How much work is it to push a box (mass 120 kg) up an incline (angle 16 degrees with the horizontal) that is 9.6 meters long, if the coefficient of kinetic friction between the box and the incline is 0.5?
To find out how much work it takes to push a box up an incline, we need to calculate the net work done on the box. The net work is equal to the product of force applied and the displacement of the box.
First, we need to find the gravitational force acting on the box. The gravitational force can be calculated using the formula:
force_gravity = mass * gravity
Given that the mass of the box is 120 kg and the acceleration due to gravity is approximately 9.8 m/s^2, we can calculate the gravitational force:
force_gravity = 120 kg * 9.8 m/s^2 = 1176 N
Next, we need to determine the force required to overcome friction. The force of friction can be calculated using the formula:
force_friction = coefficient_of_friction * force_normal
The force_normal is the component of the gravitational force acting perpendicular to the incline. It can be calculated using the formula:
force_normal = force_gravity * cos(angle)
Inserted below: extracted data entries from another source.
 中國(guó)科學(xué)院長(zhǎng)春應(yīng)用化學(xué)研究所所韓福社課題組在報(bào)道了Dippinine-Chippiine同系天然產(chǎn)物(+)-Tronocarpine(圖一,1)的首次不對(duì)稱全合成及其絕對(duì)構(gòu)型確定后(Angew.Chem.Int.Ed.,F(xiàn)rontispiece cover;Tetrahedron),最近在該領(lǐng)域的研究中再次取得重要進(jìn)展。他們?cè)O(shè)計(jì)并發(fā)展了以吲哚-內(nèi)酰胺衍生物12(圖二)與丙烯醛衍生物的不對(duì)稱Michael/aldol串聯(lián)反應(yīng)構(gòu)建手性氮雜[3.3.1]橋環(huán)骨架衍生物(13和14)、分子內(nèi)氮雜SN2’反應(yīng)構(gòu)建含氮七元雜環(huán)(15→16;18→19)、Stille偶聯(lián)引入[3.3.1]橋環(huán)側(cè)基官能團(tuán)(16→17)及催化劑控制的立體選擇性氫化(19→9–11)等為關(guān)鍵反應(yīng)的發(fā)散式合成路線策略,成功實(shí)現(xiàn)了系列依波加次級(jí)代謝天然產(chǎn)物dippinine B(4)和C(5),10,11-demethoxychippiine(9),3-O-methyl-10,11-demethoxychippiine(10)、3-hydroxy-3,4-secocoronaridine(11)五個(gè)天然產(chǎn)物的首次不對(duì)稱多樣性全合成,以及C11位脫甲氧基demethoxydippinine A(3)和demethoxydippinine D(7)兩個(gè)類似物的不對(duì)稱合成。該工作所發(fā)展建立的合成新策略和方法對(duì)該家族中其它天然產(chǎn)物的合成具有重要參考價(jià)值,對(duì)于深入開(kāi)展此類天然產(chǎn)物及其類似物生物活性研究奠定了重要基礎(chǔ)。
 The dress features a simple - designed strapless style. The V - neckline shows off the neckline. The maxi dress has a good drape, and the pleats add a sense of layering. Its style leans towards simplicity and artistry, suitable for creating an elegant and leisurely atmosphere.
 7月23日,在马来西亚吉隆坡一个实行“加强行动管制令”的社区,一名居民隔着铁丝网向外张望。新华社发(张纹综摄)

Since the angle of the incline is given as 16 degrees, we can calculate the force_normal:
force_normal = 1176 N * cos(16 degrees) = 1130.7 N
Now, we can calculate the force of friction:
force_friction = 0.5 * 1130.7 N = 565.4 N
To push the box up the incline, we need to overcome both the force of gravity and the force of friction. The net force required to move the box can be calculated using the formula:
net_force = force_gravity + force_friction
net_force = 1176 N + 565.4 N = 1741.4 N
Finally, we can calculate the work done by multiplying the net force by the displacement along the incline:
work = net_force * displacement
The displacement is given as 9.6 meters. Substituting the values, we get:
work = 1741.4 N * 9.6 m = 16734.24 J
Therefore, it takes approximately 16734.24 Joules of work to push the box up the incline.